►

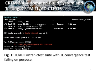 | - CRTM TL/AD CTESTS - Side note: Convergence tests may pass or fail depending on the compiler (pass for ifort and fail for gcc) - Transmittance coefficient package: VIIRUS comparison (data from the default, Yingtao, and Patrick) - Improvements for UMBC profiles. (In the troposphere, the difference is quite significant) - Possible explanations for the differences: mismatching training profiles (ECMWF83 vs. UMBC48)? SRF influence? No ODAS merge with ODPS for water line absorptions. Unknown unknows. Mismatching set of training absorbers. Different absorbers?
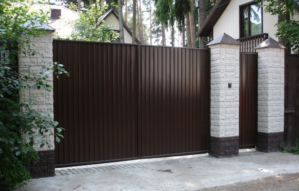 Retractable gate is a roller design, most often single-door. There is no difficulty in its technical device, so you can do it yourself. In this case, the operation of such devices is quite complicated. The main advantage of this type of gate is that they save spacebesides, there is no need to clean the area in front of them. The canvas for such gates can be made of any material suitable for the manufacture of fences - wood, metal, decking and others. Sliding gates are designed in such a way that they can work smoothly during snowfall and strong winds. Ice is not a hindrance either. In addition, they are very compact.
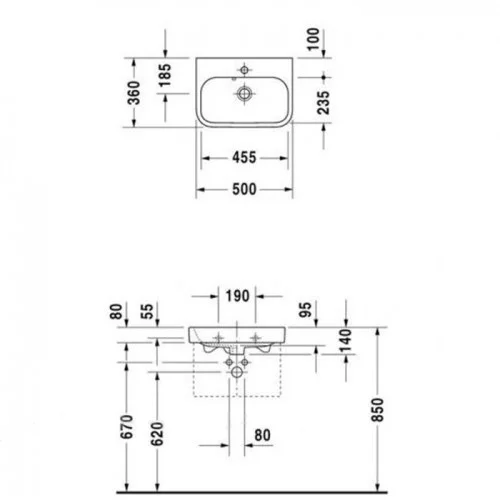 Купить Duravit Happy D.2 Раковина 50х36 см с переливом, включая заглушку для перелива (хром), без отверстия под смеситель, цвет: белый 0710500060 в Москве
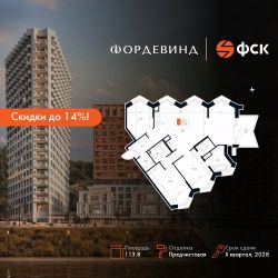 Продаётся 4-к квартира номер 115 общей площадью 113.8 кв.м. на 14-м этаже 20 этажного здания. Предчистовая отделка. Цена с учётом скидки.
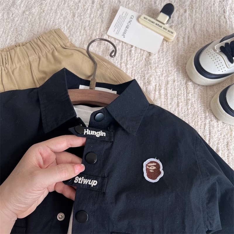 작은 천 곰 어린이 셔츠 가을 새 소년 인쇄 된 대형 포켓 재킷 셔츠 아기의 맞춤형 올 매치 재킷스토어 가기
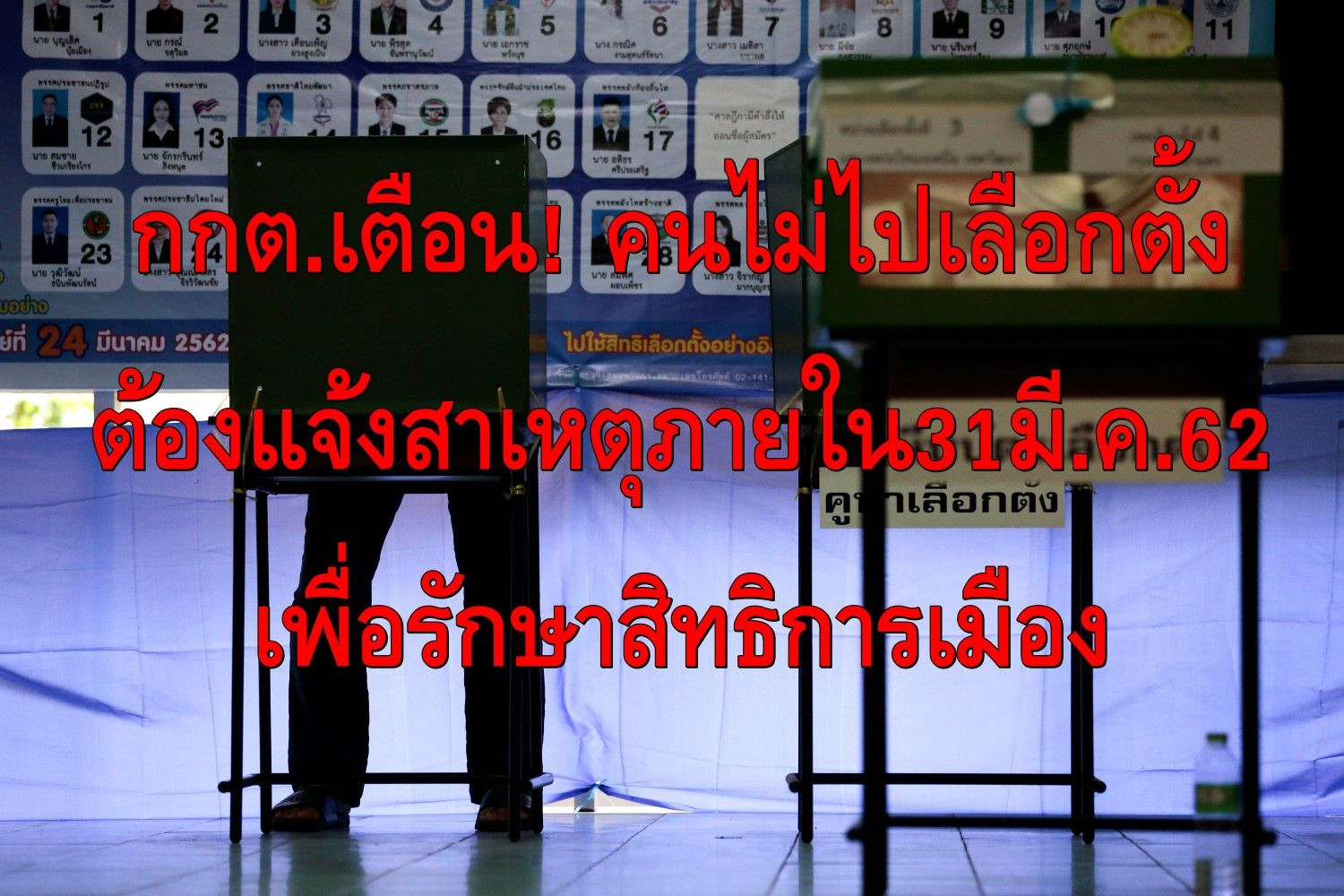 กกต.เตือนคนไม่ไปเลือกตั้งต้องแจ้งสาเหตุภายใน31มี.ค.นี้เพื่อไม่ให้เสียสิทธิ

◄

### WORK INSTRUCTIONS:
Both the line containing "Продаётся 4-к квартира" and the last line of the records above belong in the exact copy, along with every line between them; pictures do not.

### OUTPUT OF THE TASK:
 Продаётся 4-к квартира номер 115 общей площадью 113.8 кв.м. на 14-м этаже 20 этажного здания. Предчистовая отделка. Цена с учётом скидки.
 작은 천 곰 어린이 셔츠 가을 새 소년 인쇄 된 대형 포켓 재킷 셔츠 아기의 맞춤형 올 매치 재킷스토어 가기
 กกต.เตือนคนไม่ไปเลือกตั้งต้องแจ้งสาเหตุภายใน31มี.ค.นี้เพื่อไม่ให้เสียสิทธิ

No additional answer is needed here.